Precision measures how much the distribution of the synthesized images can be generated by

a part of the real distribution. Thus, it quantifies the image quality of the synthetic images.

In comparison to that, recall measures how much of the real distribution can be accounted for

by a part of the generated distribution, hence quantifying mode collapse. Evaluating synthetic

images based on these two metrics offers a more detailed view of the quality of the images and

their diversity (see Chapter 5).

2.5.2 Evaluation Using a Downstream Task

Generating images for a downstream task is a good option to circumvent the problem of

selecting an appropriate metric for evaluating synthetic data [30]. Here, synthetic data and a

corresponding label are generated for a certain task, such as classification or segmentation.

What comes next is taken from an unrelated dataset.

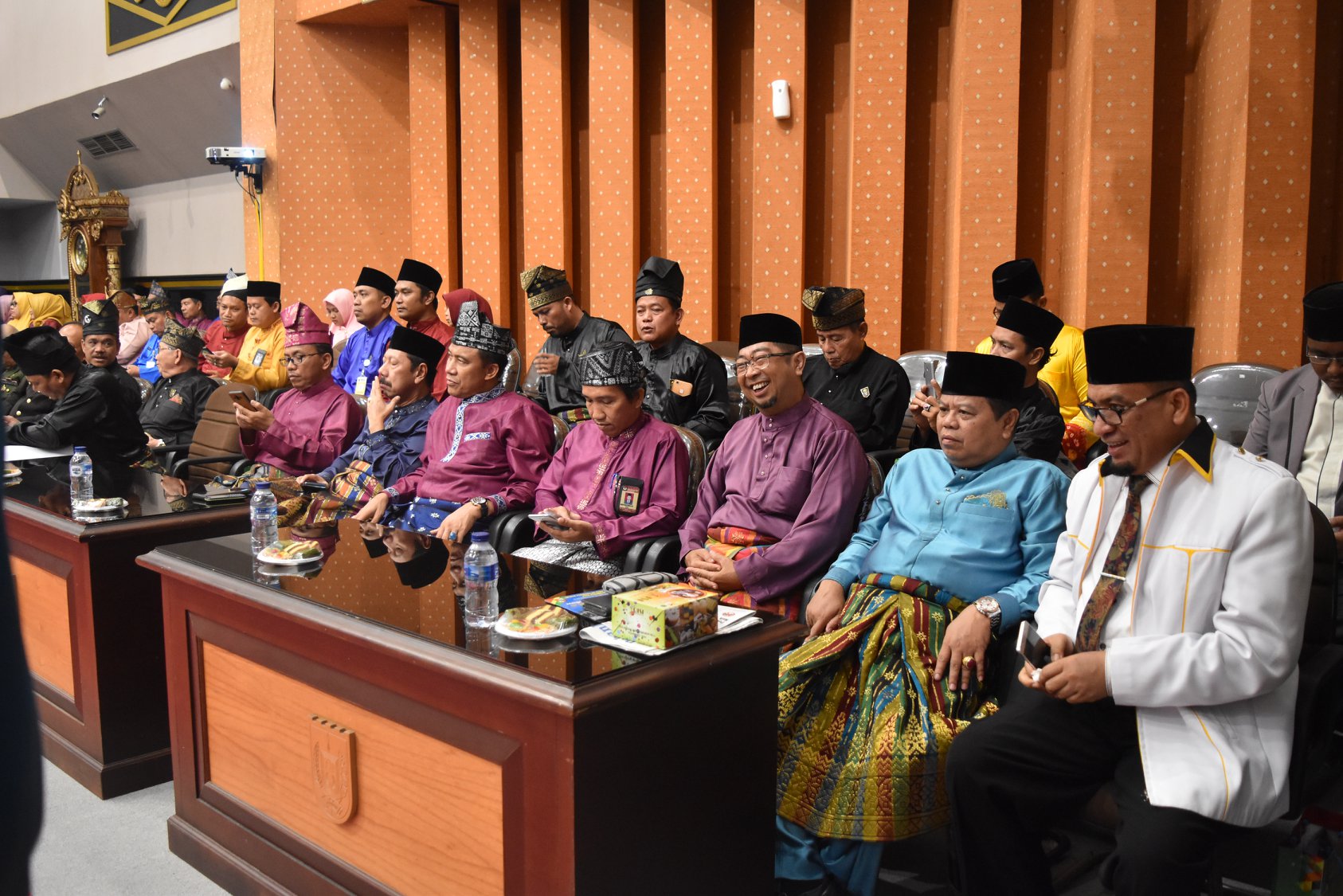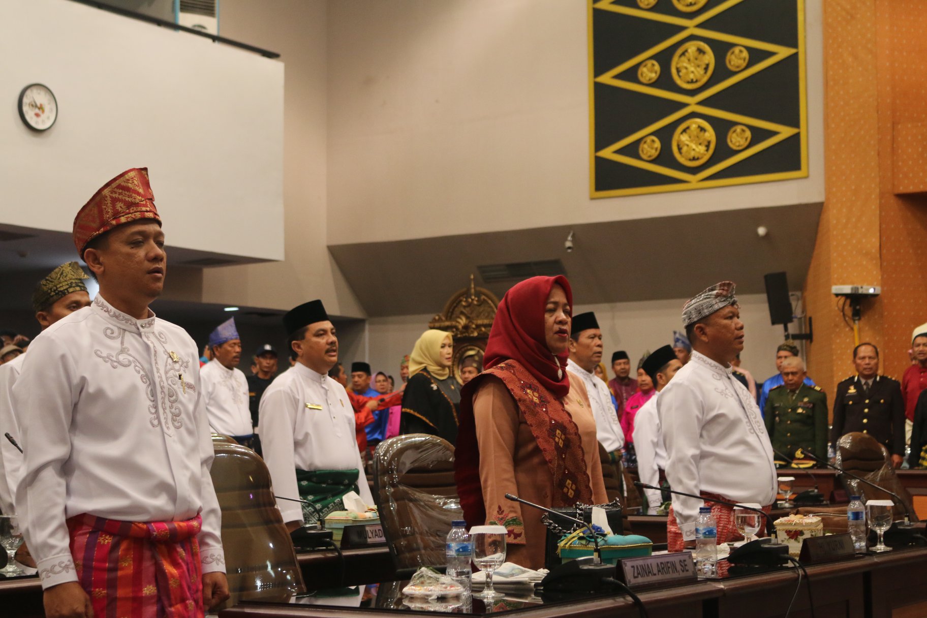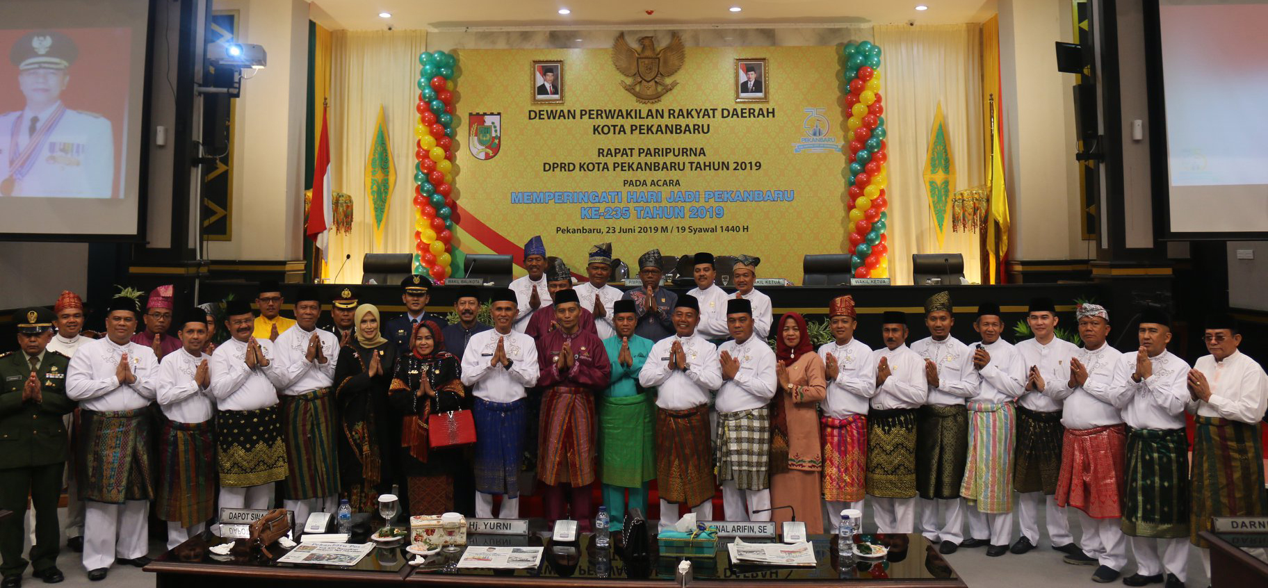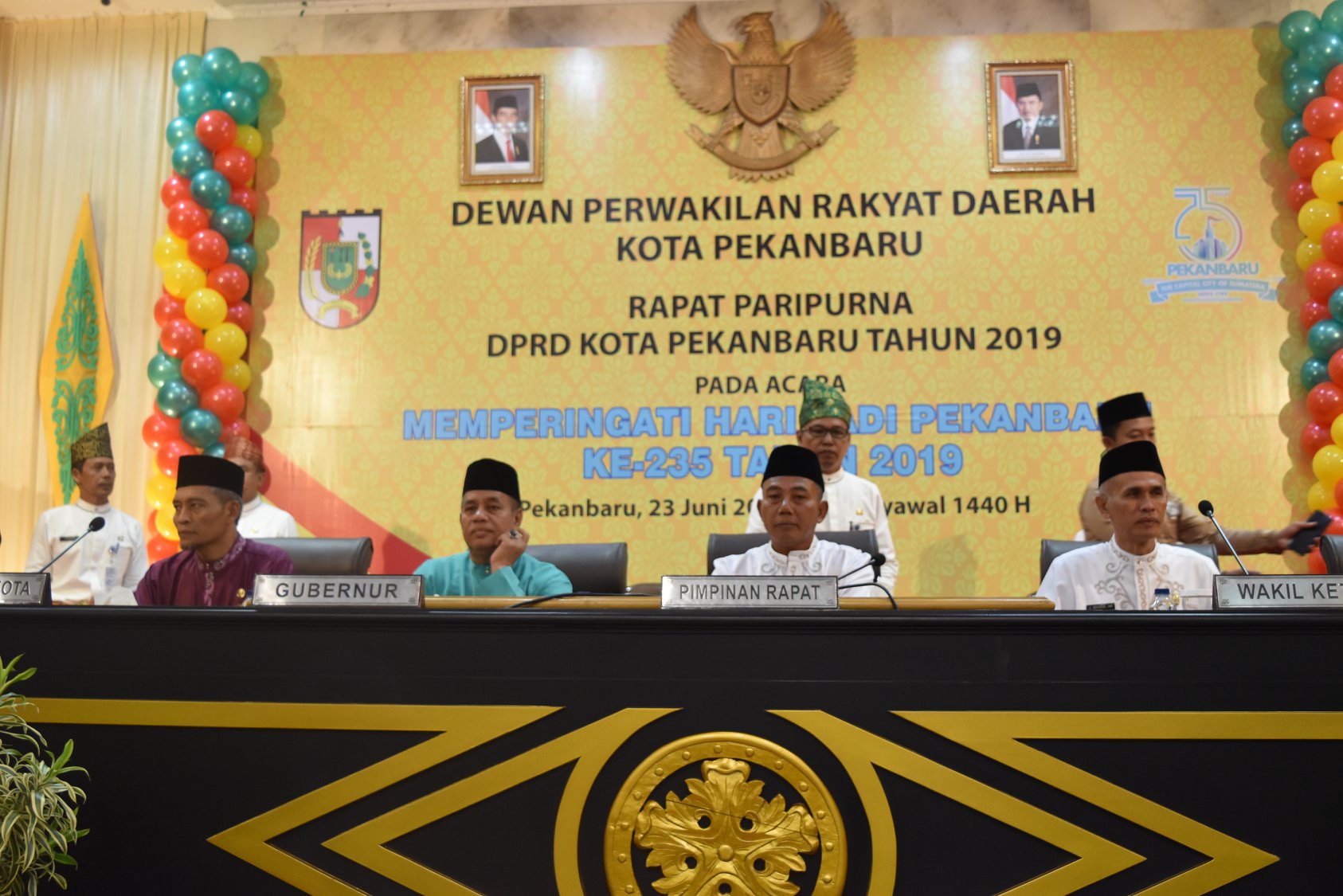 PEKANBARU - Dalam rangka hari jadi Pekanbaru ke 235, DPRD Kota Pekanbaru menggelar rapat paripurna istimewa, Ahad (23/6/2019). Dipimpin Wakil Ketua DPRD Kota Pekanbaru, Sigit Yowono, paripurna dimulai pukul 09.30 wib. Turut hadir saat paripurna ini Wakil Walikota Pekanbaru H Ayat Cahyadi SSi, Asisten I Sekdaprov Riau Ahmadsyah Haroffie, jajaran Forkompinda Kota Pekanbaru, para anggota DPRD Kota Pekanbaru dan masyarakat lainnya.

After generation, a model is trained on the synthetic data, which can be evaluated on real

data. Its performance provides an estimate of how useful the synthesized data is.

Figure 2.7: The architecture of a U-Net. The image is fed through an encoding path for feature

extraction and a decoding path and outputs a segmentation mask. Skip connections preserve

spatial information. The figure is based on Figure 3 by Isola et al. [81].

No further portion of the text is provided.